Fakt taki był, ze Ferbiuszka chciala wyprzedać rzeczy z hurtowni, ale... jak sie okazało pozniej tak chyba jej sie ladnie rozkręcilo, ze nadal bedzie dzialać w tej branży (ona poza sprzedaza produktów rownież jest instruktorem).
Klej czarny został wprowadzony dosłownie od kilku dni, jutro bede go testować, ale efekt wiazania i trzymania - okaze się w najbliższym miesiacu :) wiec zobacymy, chociaż ferbiuszka mowi ze jest świetny, już testowała ponad tydzien temu i wszystko ładnie się trzyma.
Emi i Sami dziękowac :):)
Unita - no mam nadzieje ze mnie nie "zdradzisz' :)
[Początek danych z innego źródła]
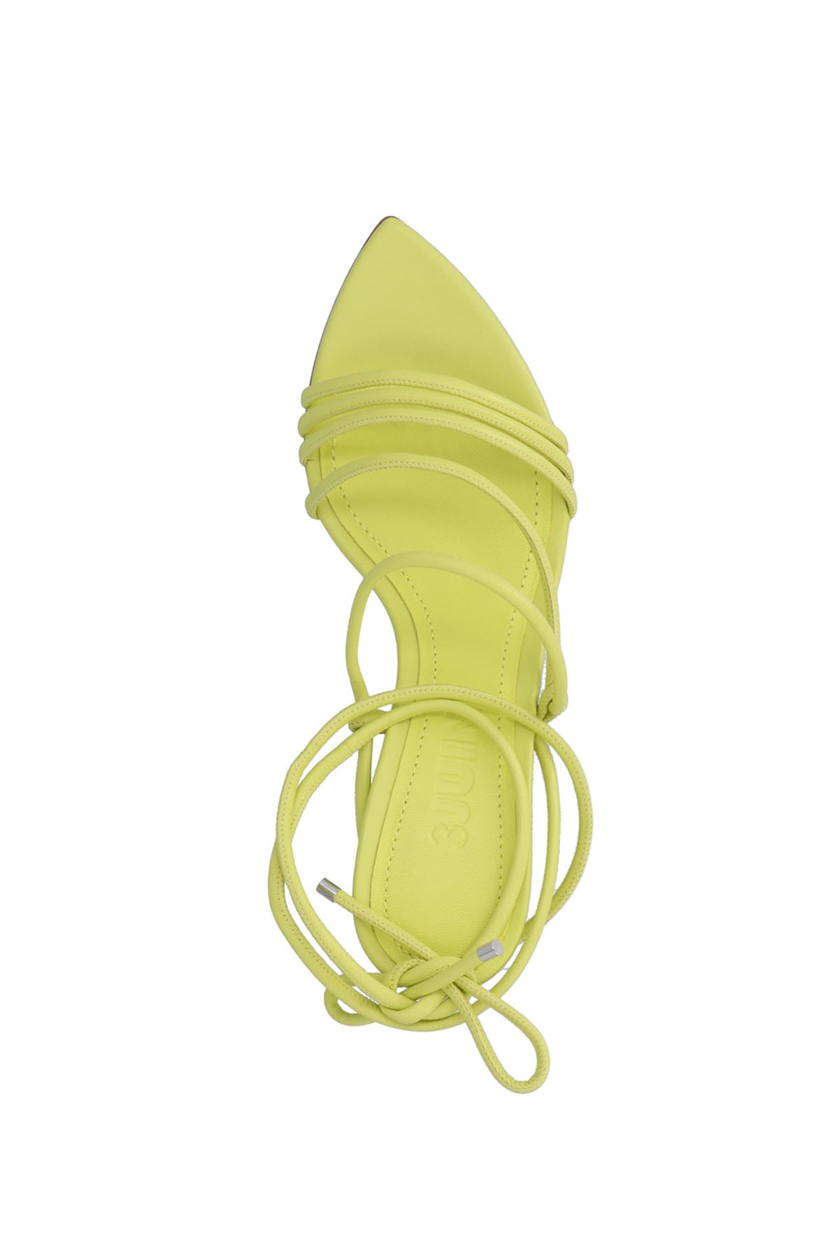 'Dafne' leather sandals with ankle ties, pointed toe, low heel.ow heel.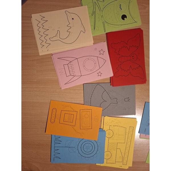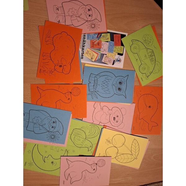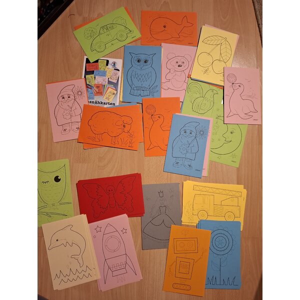 60 Ausnähkarten, 30 von Ursus und 30 no name, verschiedene Farben und Motive. Kein Garn dabei.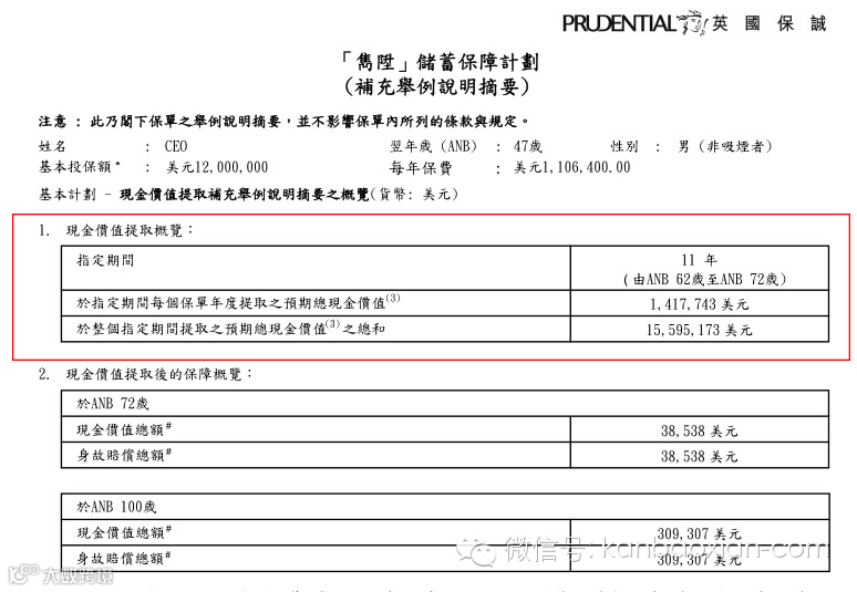 二.待到马先生66岁之时,隽升保单已经增值至14,840,429,相较5,532,000美元总保费,资产已经增值268%。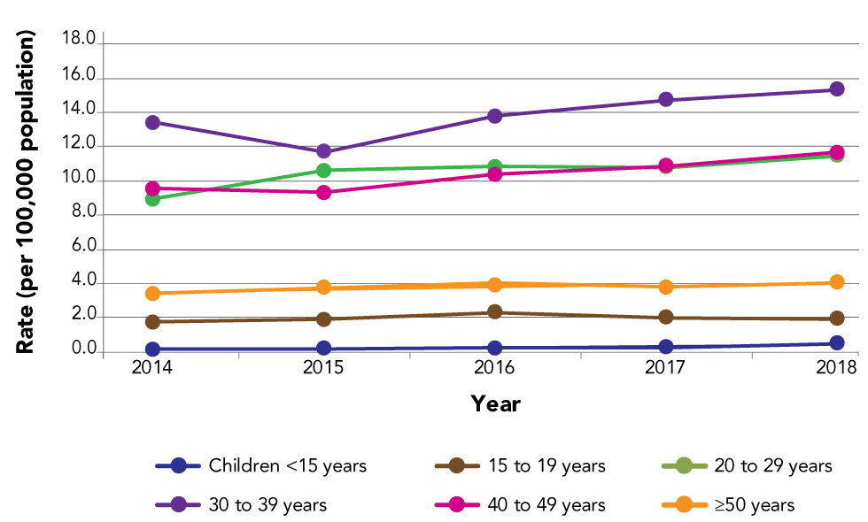 Accordingly, the 30–39 year age group had the highest rate of reported HIV cases at 15.4 per 100,000 population (Figure 3). The 40–49 year age group had the second highest rate at 11.7 per 100,000 population, followed by the 20–29 year age group at 11.5 per 100,000 population. The 20–29 year and 40–49 year age groups have had similar rates since 2016. Overall, the diagnosis rates for children (less than 15 years of age), the 15–19 year age group, and those who are 50 years of age or older remained relatively stable over the last five years.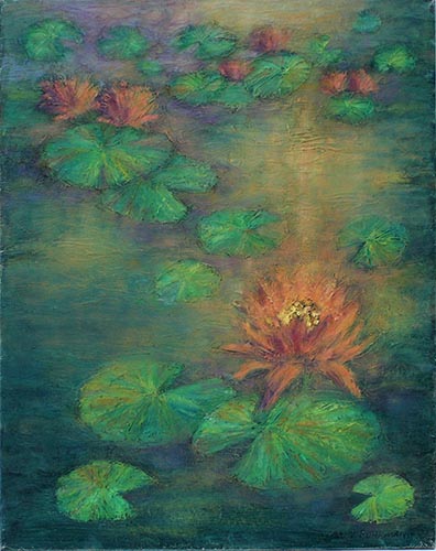 | Among The Lillies, oil on canvas, 36" by 48" |

w razie pytań piszcie postaram sie na wszystkie odpowiedzieć :)
-
Odp: Przedłużanie rzęs metodą 1:1
Edytko, z calego serca Ci gratuluje. Super, super, super:ok::ok::ok:
a tu rzeski robione na xxl lashes, kąciki wew sa wykonczone, to sa rzeski od dolu.
-
Odp: Przedłużanie rzęs metodą 1:1
A dziekować :)
Kurka ja uwielbiam takie rzeski kleić 11 i 13 ?:)
-
Odp: Przedłużanie rzęs metodą 1:1
yhm, 11, 13 i 10 w kacikach, na kocie oko, z przeskokiem;]:*
-
Odp: Przedłużanie rzęs metodą 1:1
Lady boss Twoje poprawione rzeski naprawde- cudenko,takie dopracowane, dopieszczone,bardzo ładne.
-
Odp: Przedłużanie rzęs metodą 1:1
Cześć dziewczyny. Mam problem-jakiś tydzień temu zakładałam mojej nowej Klientce rzęsiory, dzisiaj dzwoni do mnie, że ponad połowa jej odpadła... No i tak się zastanawiam czemu, bo nigdy tak mi się nie zdarzyło, odtłuszczałam kilka razy, pracowałam na tych samych produktach... Podpowiedźcie mi jaka może być przyczyna...
-
Odp: Przedłużanie rzęs metodą 1:1
Kuciak, albo przykleilas za dlugie rzesy, albo..... wiesz co, ja Ci coś powiem... ale tak na ucho:) Nowa klientka mówisz... :Dja po prostu intuicyjnie czuję, ze ona Cie troche oszukuje. Ty najpierw zobacz te rzesy(czy jej naturalne w miejsach gdzie zaaplikowane"same wypadły", nie noszą resztek kleju, badz nie są powyginane i połamane-takie jakby uciete nozyczkami, czy nie ma ich jakoś podejrzanie mniej i te inne rzeczy, ktore swiadczą o tym, ze klientka skubie), bo po prostu czuję jakoś tak szostym zmyslem, ze, coś ja uwierało i pewnego pięknego wieczoru usiadła i poskubała sobie przed telewizorem, a teraz po tygodniu domaga się odswiezenia aplikacji i to w cenie, ktorą zapłaciła.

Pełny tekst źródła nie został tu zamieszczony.